Dear Doctor Lily Page 5
‘By hand?’ Verna was alarmed. ‘This is America, girl. We don’t wash our own clothes here.’
Her own outfit could have done with a soak and a scrub. Vast grey knitted trousers, as wide as they were long. A purple T-shirt over bellying breasts that fell to where her waist might be. Hairy black cardigan that rode her gross shoulders like an animal of prey, its loaded pockets swinging at the front, the back ending half-way up her back in a ragged arch, the T-shirt ending soon below that, and half a yard of bumpy flesh before you came to the stretched elastic of the elephantine trousers. When Verna moved about the small house, knocking things over or aside, she created a disturbance in the air, and the wind of it was sour.
On the way downtown where the shops and launderette were, Verna’s great rustic car, whose back window was taped up with plastic, coughed up the hill and rattled down the other side into a valley of superb pine trees and scattered white or red farmhouses, swinging from side to side round the corners, kept on the road by Verna’s powerful arms at the helm. Ida had to hold Vernon tightly on her lap to prevent his head bashing against the window. He was a passive little boy. Born to hubbub, he had decided not to compete.
At the foot of the hill the car crossed a wide river and slewed to a stop behind the grain mill, where Henry Legge worked.
‘Henry!’ His wife leaned an arm and a squashed bosom out of the window. ‘C’mon out here!’
‘Shaker!’ A man doing something outside called into a shed. Henry was called Shaker at work.
He hurried out, flapping long hands at his wife. ‘You’ll like to get me fired. This place is full of visitors.’
‘Bunch of snots.’ Verna put her finger under her spread nose, and pushed it into a pig’s snout. ‘Why can’t they buy their flour at Lefty’s?’

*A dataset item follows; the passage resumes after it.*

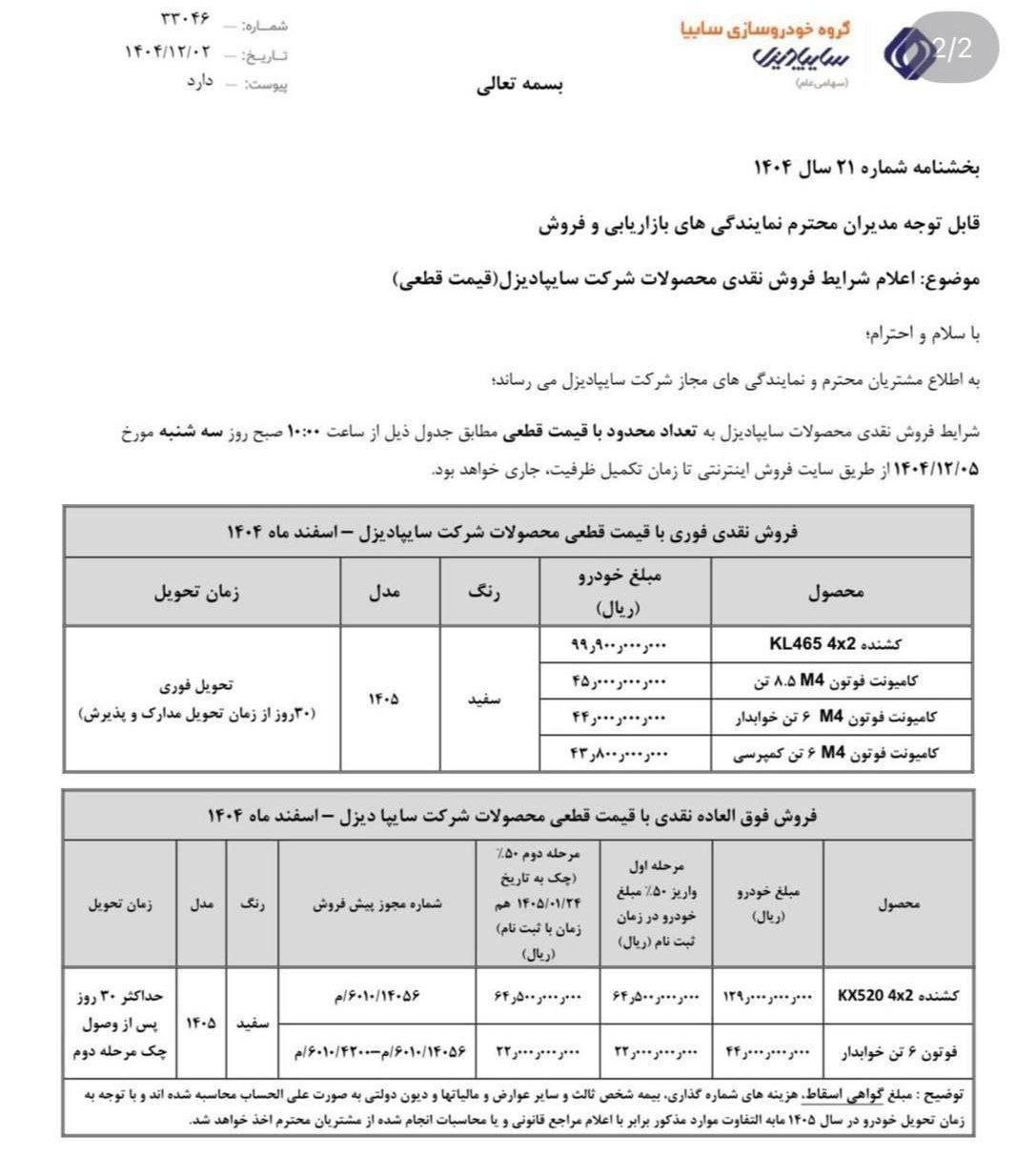 علام شرایط فروش نقدی محصولات شرکت سایپا دیزل با قیمت قطعی

The mill ground and sold earthy grains and cereals and special flour of all kinds from coarse to silky. Ida, yearning to the rustic like all city people, was entranced by the old waterwheel turning slowly in the swift river. Lunchers in the glass-walled restaurant above watched the great wheel dip and raise and spill the water as it had done for a hundred years, wet green whiskers dangling and dropping silver pearls, and floating soaked again to rise dripping.
Henry could not take her into the milling shed or the barn or the mill store, or anywhere the visitors went. The old waterwheel was believed to power the grinding, so Henry must be invisible in his oily overalls in which he ran the machinery that actually turned the grindstones.

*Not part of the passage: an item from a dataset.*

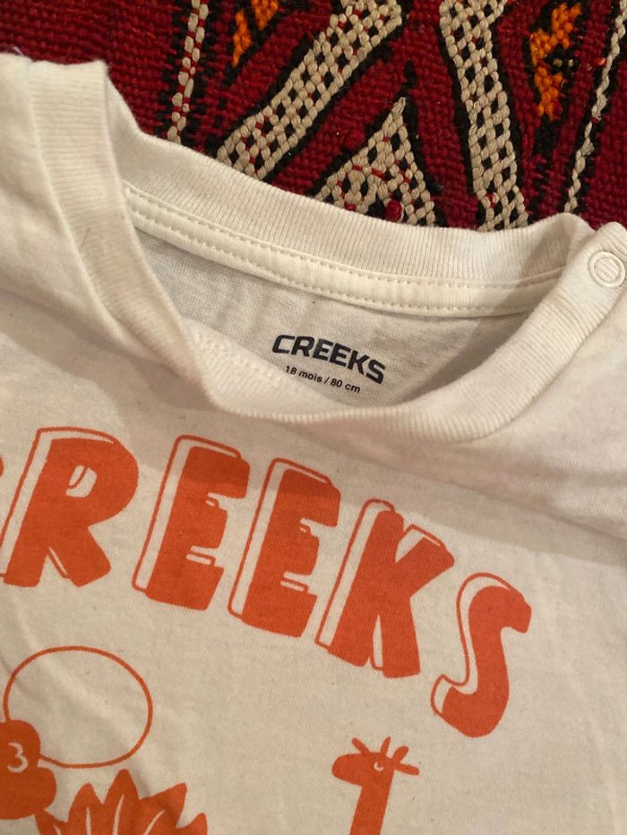 T-shirt blanc rouge Léo girafe lion 18 mois coton Creeks #tshirtmixte #tshirtbebefille #tshirtbebegarcon #creeks #ideecadeau #tshirt18mois #tshirt12mois

Lefty’s Market was a grocer’s in a town no bigger than a large English village, but with many more shops. The shelves of the low-ceilinged market were crammed with things that Ida had never seen. She wanted to stay and explore, but Verna careered through the place like a lava flow, throwing tins and packets on top of Vernon in the trolley, criticizing, swearing at prices, smelling the pork chops.
‘This here is Ida that Buddy brought over from England to marry,’ she told Lefty at the paying counter.

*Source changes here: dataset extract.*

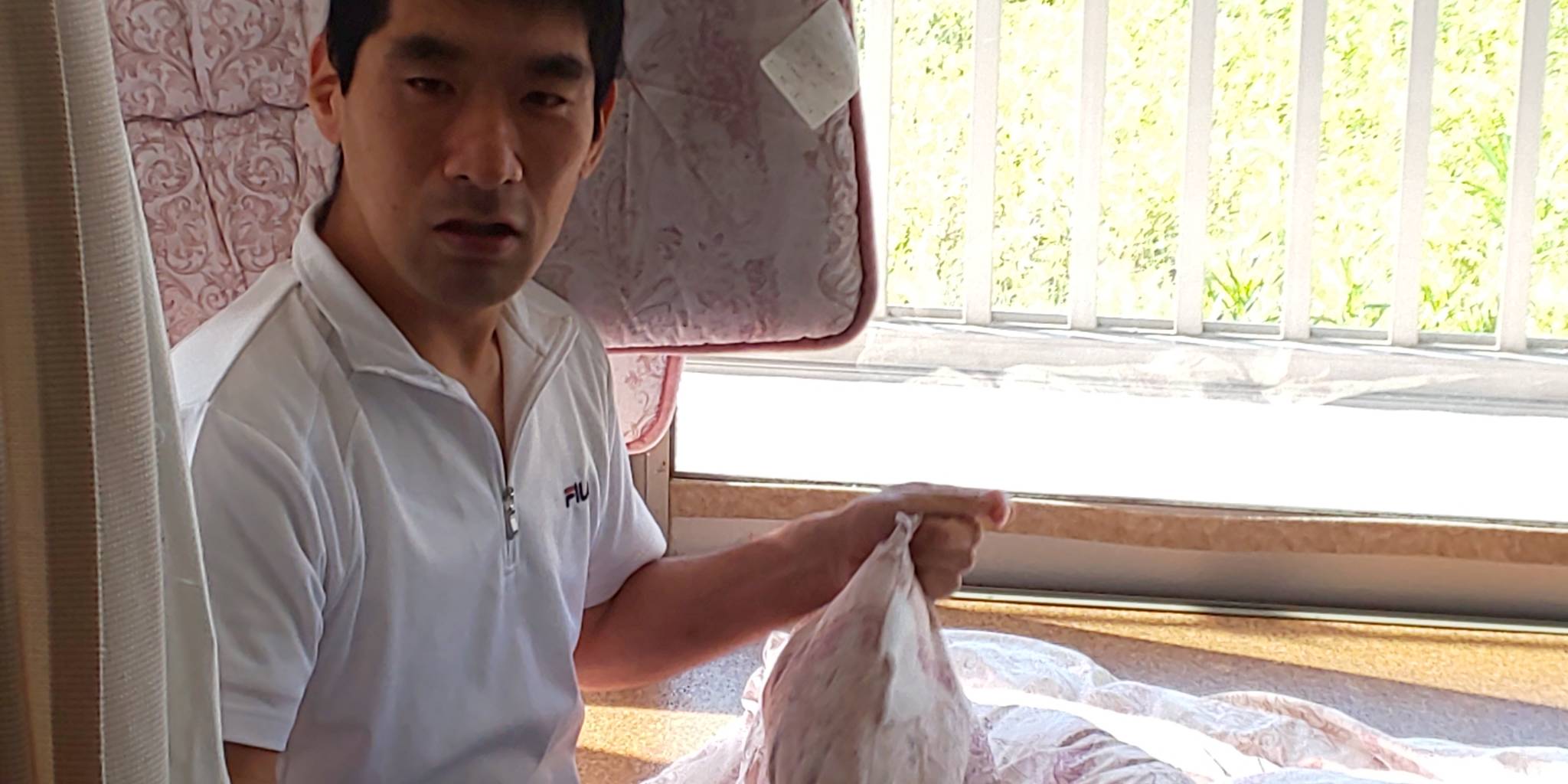 当施設では、毎朝、利用者さんの布団を干させて頂いております。

‘American girls not good enough for him?’
Ida was to hear this a lot until she lost her accent. It was an insult disguised as a joke.
‘So you’re from jolly old England,’ Lefty said, with a blue-lipped grin, and some shoppers turned to have a look. ‘How about a spot of tea?’
That was another joke Ida was to hear many times. Sometimes she tried saying, ‘We say “cup of tea”,’ but the joker knew better.
There was a rack of dud-looking postcards at the front of the shop. I’ll get fat here, she would write to Lily. Jam doughnuts and everything is giant size, and six different kinds of tomato soup, but Verna pushed her past the cards and on to the No-name Laundromat, where Ida saw her pink nylon blouse going into the machine with the baby’s dirty nappies. Mrs Legge sagged on to a chair to wait. Ida wanted to go back to Lefty’s, but Verna pulled her down next to her and gave her a lecture on how to take care of Buddy.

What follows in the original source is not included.